[Data items]
○ ○ ○ ○
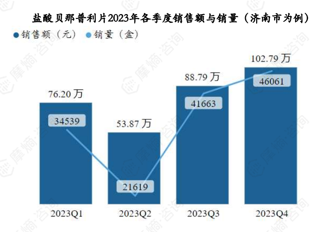 据摩熵医药药物流向数据显示,以济南市为例,盐酸贝那普利片2023年各季度销售量和销售额如下图;
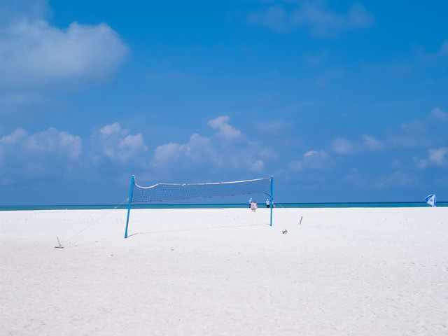 全富岛的沙更是迷人,细软白亮,不但颜值高赤脚走起来更是非常舒适,于是管家门在这里搭了个沙滩排球网,的确是打排球的好地方。
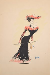SEM (Georges Goursat, dit). "Adèle Richir". Lithographie rehaussée de couleur à la main, titrée, signée dans la planche et montée sous cadre en bois doré. Dim. cadre : 53,5 x 37 cm ; support et sujet : 51 x 34 cm.
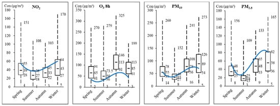 In order to investigate the seasonal variation pattern of each air pollutant, the seasonal average and quartile (minimum, 25% quartile, 50% quartile, 75% quartile, and maximum) concentrations were calculated and are displayed in Table 2 and Figure 4. For NO2, the highest value appeared in winter with a seasonal average of 60 μg/m3 and the averaged concentration levels ranked from highest to lowest as: winter, spring, autumn, and summer. For O3, the highest value appeared in autumn with a seasonal average of 63 μg/m3 and the averaged concentration levels ranked as: autumn, winter, spring, and summer. For PM10 and PM2.5, the highest values both appeared in winter with a seasonal average of 70 and 81 μg/m3, respectively, and the averaged concentration levels ranked consistently as: winter, autumn, spring, and summer.
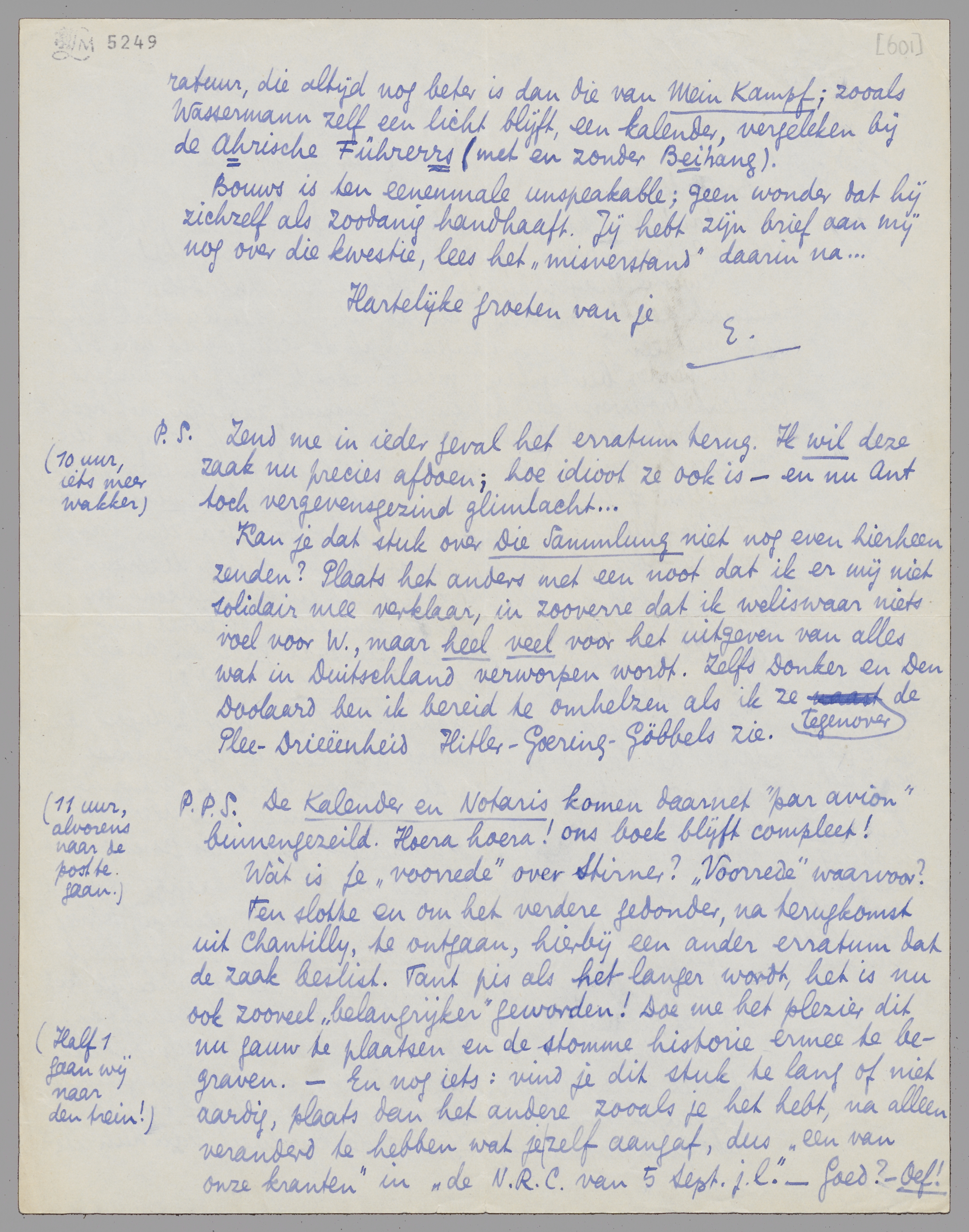 Kan je dat stuk over Die Sammlung niet nog even hierheen zenden? Plaats het anders met een noot dat ik er mij niet solidair mee verklaar, in zooverre dat ik weliswaar niets voel voor W., maar heel veel voor het uitgeven van alles wat in Duitschland verworpen wordt. Zelfs Donker en Den Doolaard ben ik bereid te omhelzen als ik ze tegenover de Plee-Drieëenheid Hitler-Goering-Göbbels zie.
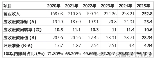 坏账计提变多:坏账准备从 2020 年的 1.67 亿涨到 2025 年的 4.94 亿,光是 2025 年就新增计提了 0.62 亿;
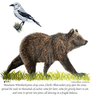 The back text reads: "Mountain Whitebark pines drop cones, Clark's Nutcrackers pry open the cones, spread the seeds in thousands of caches; some for later, some for grizzly bears to eat, and some to sprout new pines; all dancing in a fragile balance."
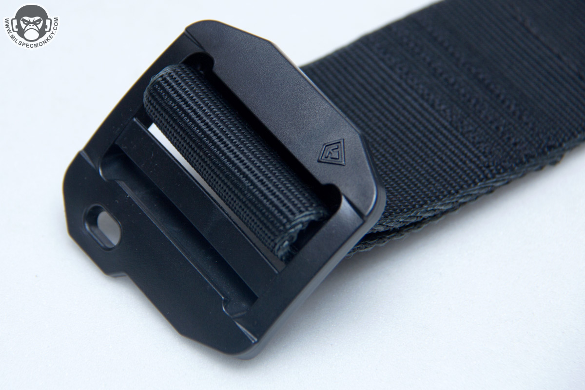 When it comes to simple webbing belts the small details are going to be the main things to look for and this series does include some nice touches. For starters a custom polymer buckle is used; the shape has a nice modern angular look while not sacrificing functionality. The thickness is appropriate for long term durability without being excessive and the side protrusion helps with angling the buckle for aid in adjustments. Although the hole is probably just for weight reduction, one could even add cord to the hole for even more adjustment grip options.
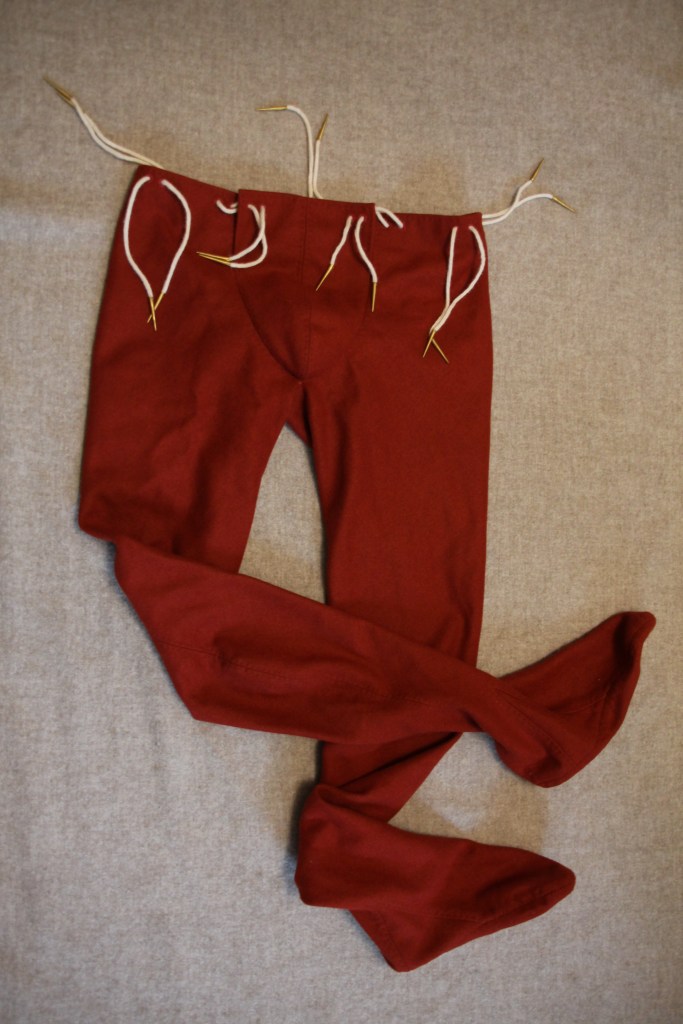 Bei der Hose handelt es sich um eine wollene Schamkapselhose mit inkludierten Füßlingen. Diese wird mit weißen Nestelschnüren aus Wolle direkt am Rüstwams befestigt. Sie unterscheidet sich nicht von zivilen Hosen der Zeit. Die Ausführung ist hochwertig und der Sitz nach einmaliger Korrektur perfekt.
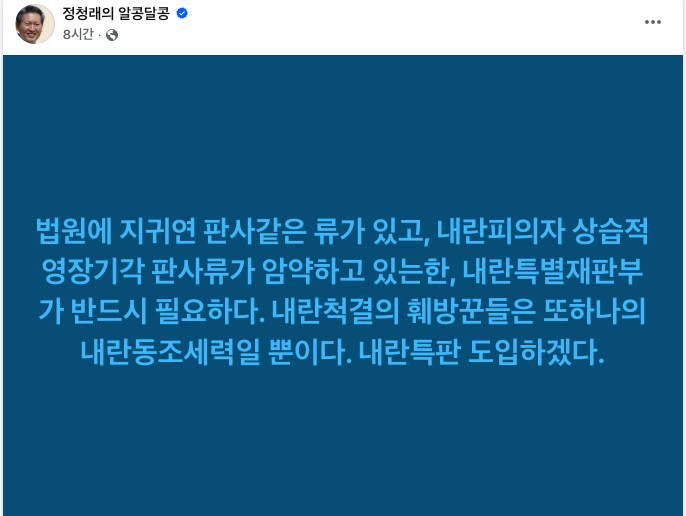 정 의원은 같은 날 페이스북에 "법원에 지귀연 판사 같은 류와 내란 피의자에 대한 상습적인 영장 기각을 하는 판사 류가 암약하는 한 내란 특별재판부가 필요하다"고 주장했다.
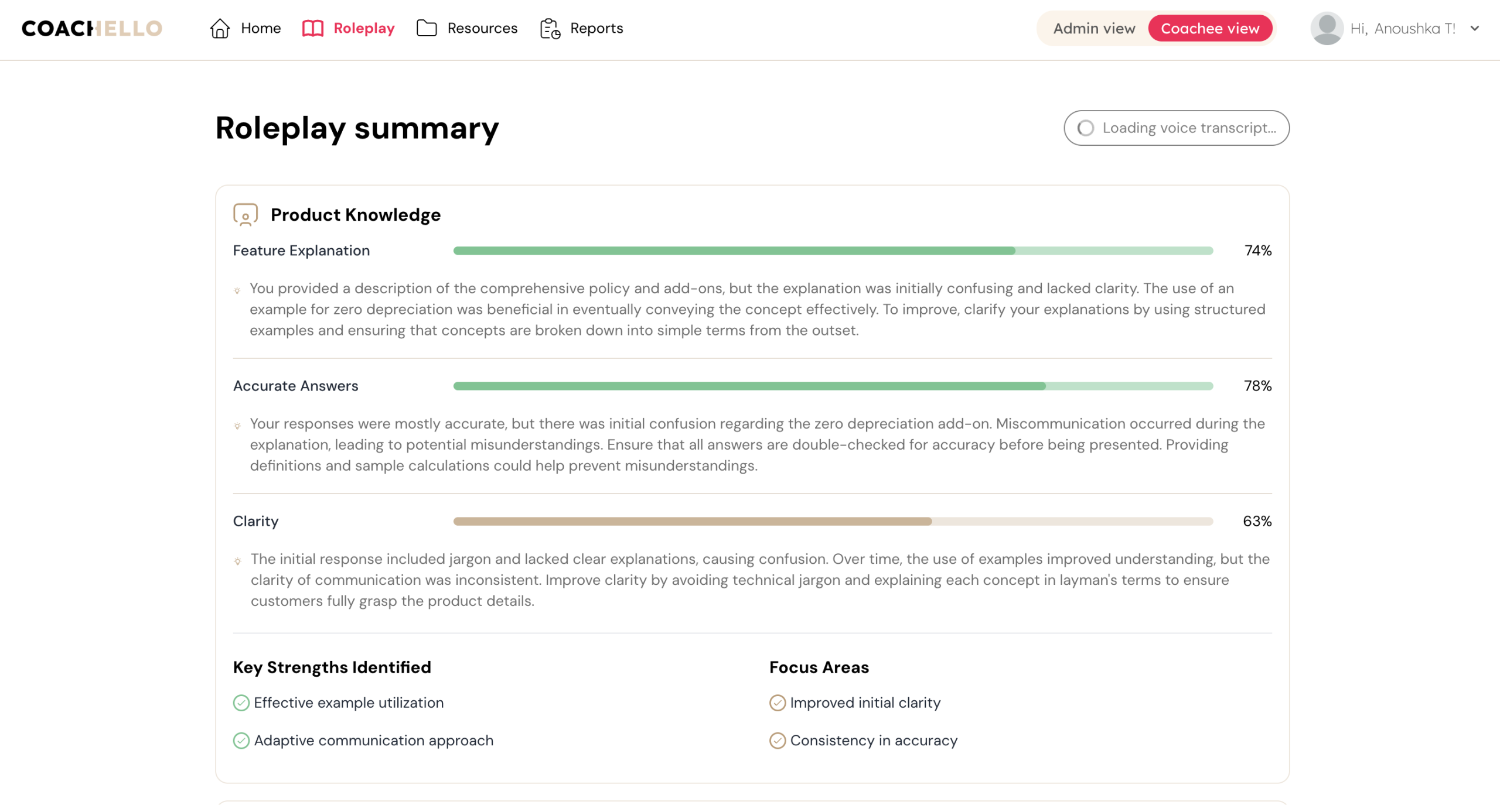 AI coaching role play with avatar
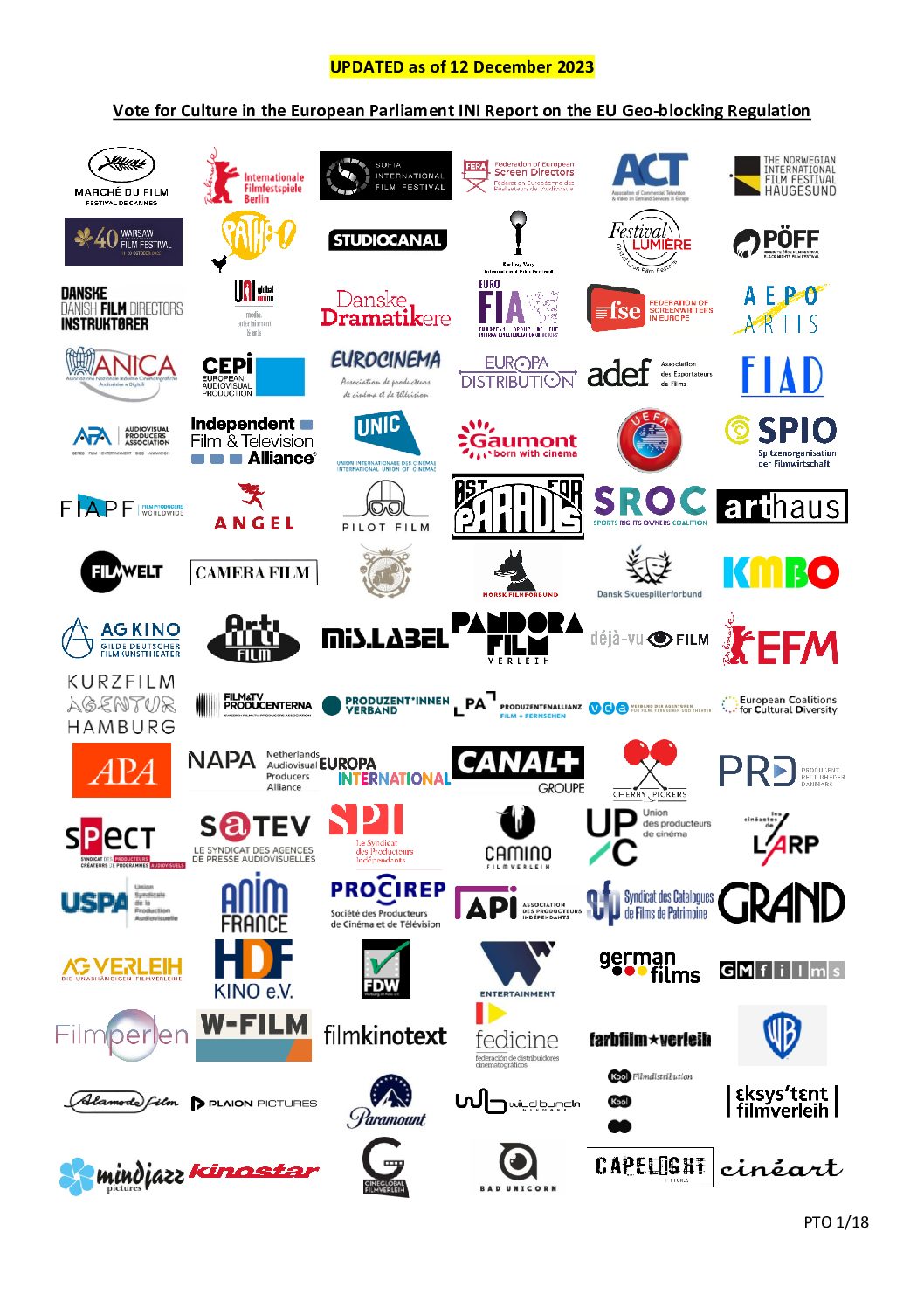 Joint statement: Vote for Culture in the European Parliament INI Report on the EU Geo-blocking Regulation
○ ○ ○ ○
• **Your instructions**
Could the data be reproduced exactly, with the pictures omitted?

• **Solution to this task**
 据摩熵医药药物流向数据显示,以济南市为例,盐酸贝那普利片2023年各季度销售量和销售额如下图;
 全富岛的沙更是迷人,细软白亮,不但颜值高赤脚走起来更是非常舒适,于是管家门在这里搭了个沙滩排球网,的确是打排球的好地方。
SEM (Georges Goursat, dit). "Adèle Richir". Lithographie rehaussée de couleur à la main, titrée, signée dans la planche et montée sous cadre en bois doré. Dim. cadre : 53,5 x 37 cm ; support et sujet : 51 x 34 cm.
 In order to investigate the seasonal variation pattern of each air pollutant, the seasonal average and quartile (minimum, 25% quartile, 50% quartile, 75% quartile, and maximum) concentrations were calculated and are displayed in Table 2 and Figure 4. For NO2, the highest value appeared in winter with a seasonal average of 60 μg/m3 and the averaged concentration levels ranked from highest to lowest as: winter, spring, autumn, and summer. For O3, the highest value appeared in autumn with a seasonal average of 63 μg/m3 and the averaged concentration levels ranked as: autumn, winter, spring, and summer. For PM10 and PM2.5, the highest values both appeared in winter with a seasonal average of 70 and 81 μg/m3, respectively, and the averaged concentration levels ranked consistently as: winter, autumn, spring, and summer.
 Kan je dat stuk over Die Sammlung niet nog even hierheen zenden? Plaats het anders met een noot dat ik er mij niet solidair mee verklaar, in zooverre dat ik weliswaar niets voel voor W., maar heel veel voor het uitgeven van alles wat in Duitschland verworpen wordt. Zelfs Donker en Den Doolaard ben ik bereid te omhelzen als ik ze tegenover de Plee-Drieëenheid Hitler-Goering-Göbbels zie.
 坏账计提变多:坏账准备从 2020 年的 1.67 亿涨到 2025 年的 4.94 亿,光是 2025 年就新增计提了 0.62 亿;
 The back text reads: "Mountain Whitebark pines drop cones, Clark's Nutcrackers pry open the cones, spread the seeds in thousands of caches; some for later, some for grizzly bears to eat, and some to sprout new pines; all dancing in a fragile balance."
 When it comes to simple webbing belts the small details are going to be the main things to look for and this series does include some nice touches. For starters a custom polymer buckle is used; the shape has a nice modern angular look while not sacrificing functionality. The thickness is appropriate for long term durability without being excessive and the side protrusion helps with angling the buckle for aid in adjustments. Although the hole is probably just for weight reduction, one could even add cord to the hole for even more adjustment grip options.
 Bei der Hose handelt es sich um eine wollene Schamkapselhose mit inkludierten Füßlingen. Diese wird mit weißen Nestelschnüren aus Wolle direkt am Rüstwams befestigt. Sie unterscheidet sich nicht von zivilen Hosen der Zeit. Die Ausführung ist hochwertig und der Sitz nach einmaliger Korrektur perfekt.
 정 의원은 같은 날 페이스북에 "법원에 지귀연 판사 같은 류와 내란 피의자에 대한 상습적인 영장 기각을 하는 판사 류가 암약하는 한 내란 특별재판부가 필요하다"고 주장했다.
 AI coaching role play with avatar
 Joint statement: Vote for Culture in the European Parliament INI Report on the EU Geo-blocking Regulation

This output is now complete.